● **Task item**: Please reproduce all of the data below exactly, leaving each picture out.

● **Recorded information**:
'''

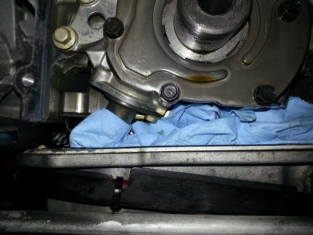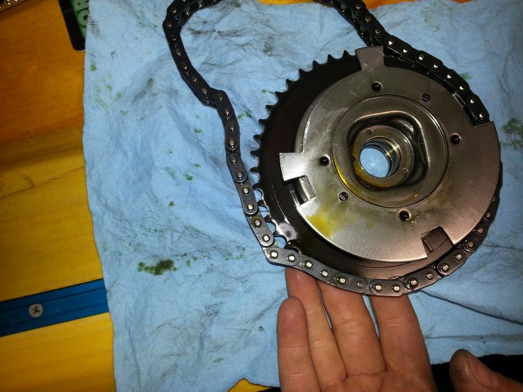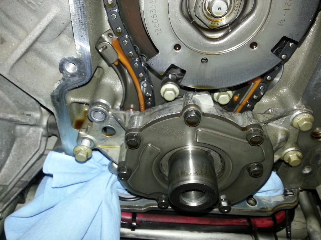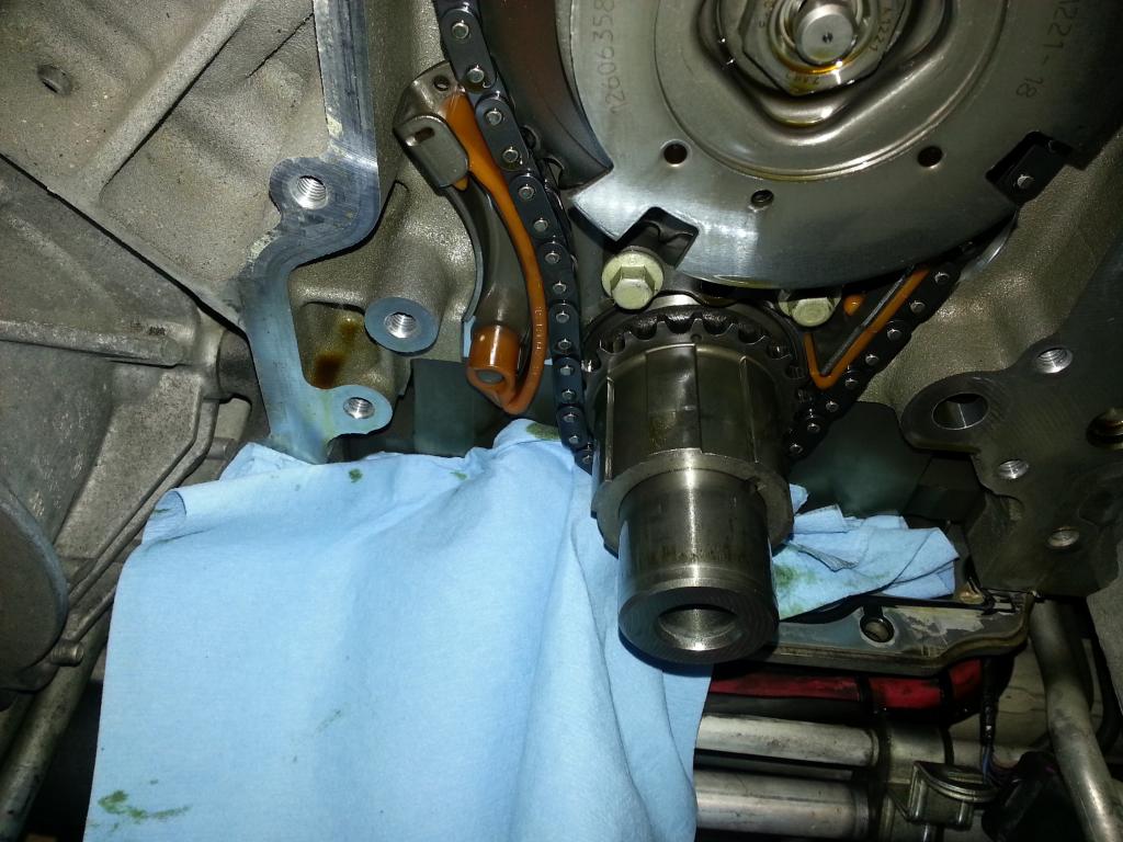Now, I covered up the oil pump pickup tube so I could remove the tensioner and VVT Cam Gear (be careful when remove the cam gear, you grab it from 'behind the gear and NOT the VVT phaser)
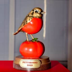 Durante la serata si è svolta la prima edizione del premio PETTIROSSO, conferito ai partner agricoli che si sono distinti per l’alta qualità della materia prima conferita ma anche per aver mantenuto la totalità degli importanti impegni quantitativi presi prima della campagna di produzione. “Il premio è una scultura unica realizzata e dipinta a mano per PETTI.” spiega Pasquale Petti e continua: “Il pettirosso rappresenta i valori del coraggio, della resilienza e del buon auspicio con cui vogliamo simbolicamente suggellare una proficua collaborazione che ci auguriamo continui anche in futuro. Vogliamo supportare e incentivare gli agricoltori che scelgono di impegnarsi con la nostra azienda e riconoscere loro il giusto ed equo valore della materia prima. Le prospettive di crescita del progetto Petti sono importanti, anche grazie al progetto di realizzare un secondo stabilimento in Toscana, riteniamo pertanto necessario rafforzare la nostra rete agricola con serietà e progettualità oltre le logiche di mera negoziazione del prezzo.”
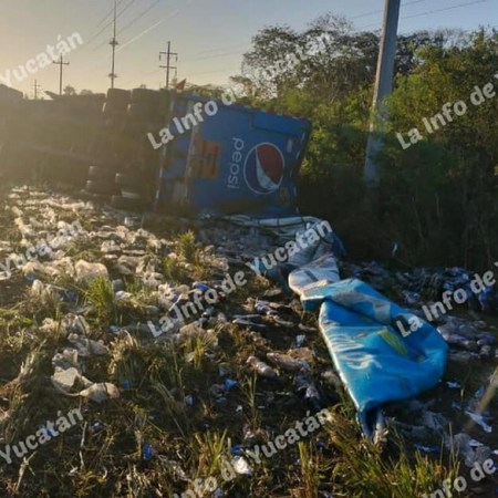 Vuelca camión de Pepsi en carretera. Rapiña no se hizo esperar
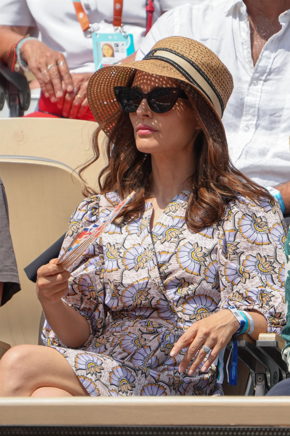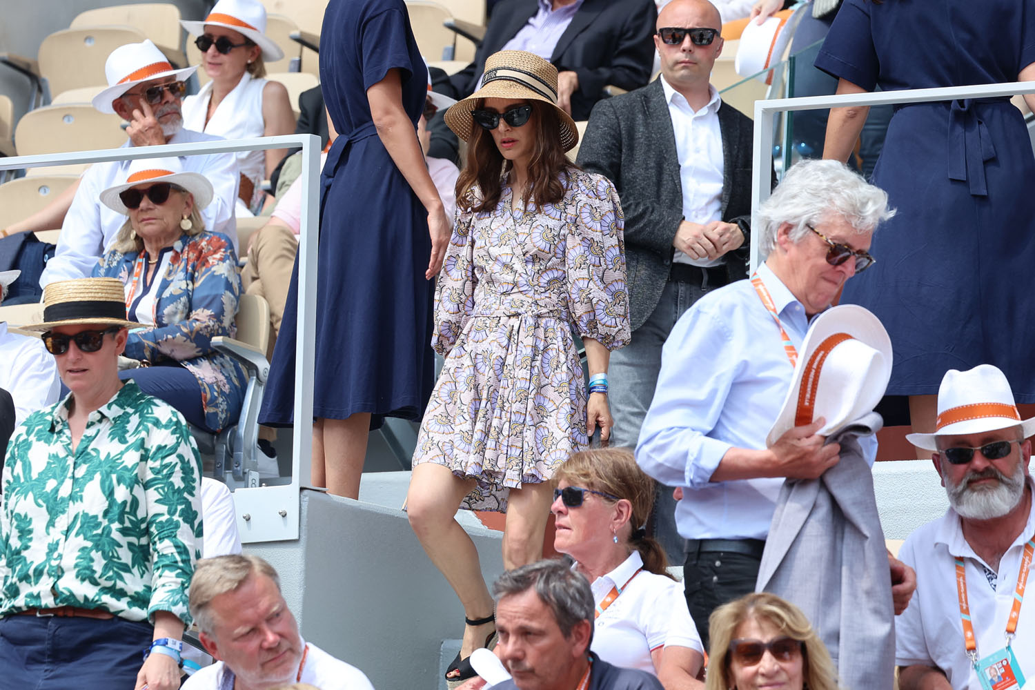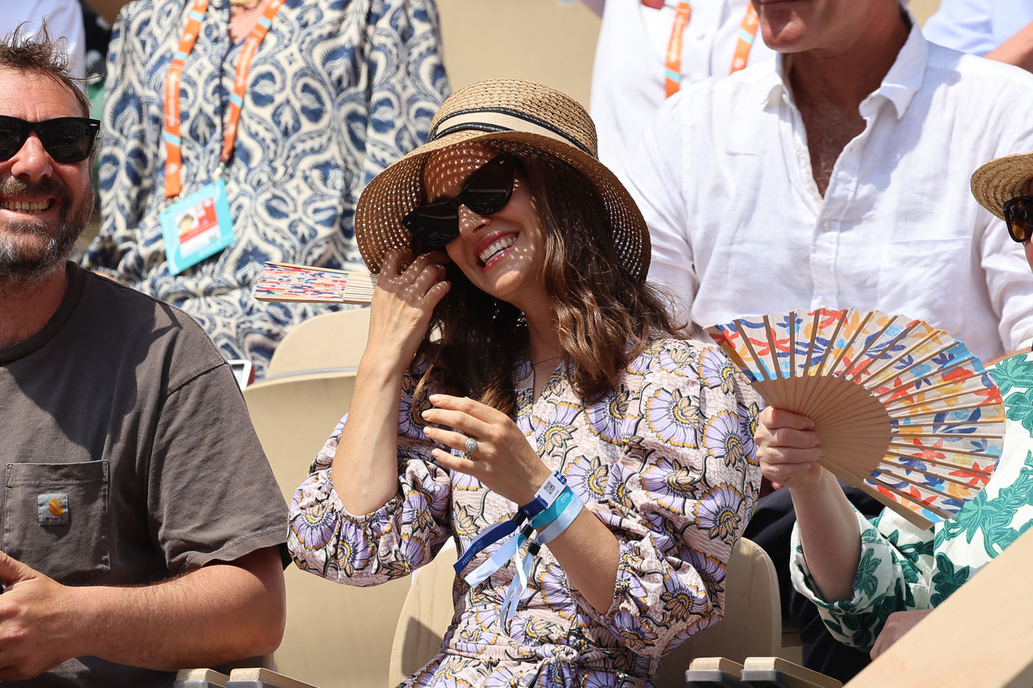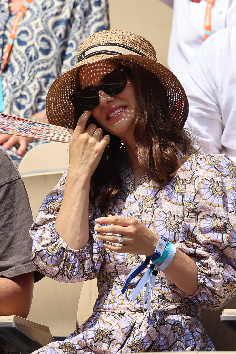 Natalie Portman was at the French Open yesterday in a very cute outfit – Dior hat for sun protection, floral dress, and espadrille wedges. That’s not the accessory that people were paying attention to though. Because at various points during the match, Natalie lifted her left hand and her engagement ring was prominently displayed. Up until a week ago this wouldn’t be a conversation but all that changed when French publication Voici reported that Natalie’s husband Benjamin Millepied was having an affair with Camille Etienne, a climate change activist.

'''

● **Answer to this task**:
Now, I covered up the oil pump pickup tube so I could remove the tensioner and VVT Cam Gear (be careful when remove the cam gear, you grab it from 'behind the gear and NOT the VVT phaser)
 Durante la serata si è svolta la prima edizione del premio PETTIROSSO, conferito ai partner agricoli che si sono distinti per l’alta qualità della materia prima conferita ma anche per aver mantenuto la totalità degli importanti impegni quantitativi presi prima della campagna di produzione. “Il premio è una scultura unica realizzata e dipinta a mano per PETTI.” spiega Pasquale Petti e continua: “Il pettirosso rappresenta i valori del coraggio, della resilienza e del buon auspicio con cui vogliamo simbolicamente suggellare una proficua collaborazione che ci auguriamo continui anche in futuro. Vogliamo supportare e incentivare gli agricoltori che scelgono di impegnarsi con la nostra azienda e riconoscere loro il giusto ed equo valore della materia prima. Le prospettive di crescita del progetto Petti sono importanti, anche grazie al progetto di realizzare un secondo stabilimento in Toscana, riteniamo pertanto necessario rafforzare la nostra rete agricola con serietà e progettualità oltre le logiche di mera negoziazione del prezzo.”
 Vuelca camión de Pepsi en carretera. Rapiña no se hizo esperar
 Natalie Portman was at the French Open yesterday in a very cute outfit – Dior hat for sun protection, floral dress, and espadrille wedges. That’s not the accessory that people were paying attention to though. Because at various points during the match, Natalie lifted her left hand and her engagement ring was prominently displayed. Up until a week ago this wouldn’t be a conversation but all that changed when French publication Voici reported that Natalie’s husband Benjamin Millepied was having an affair with Camille Etienne, a climate change activist.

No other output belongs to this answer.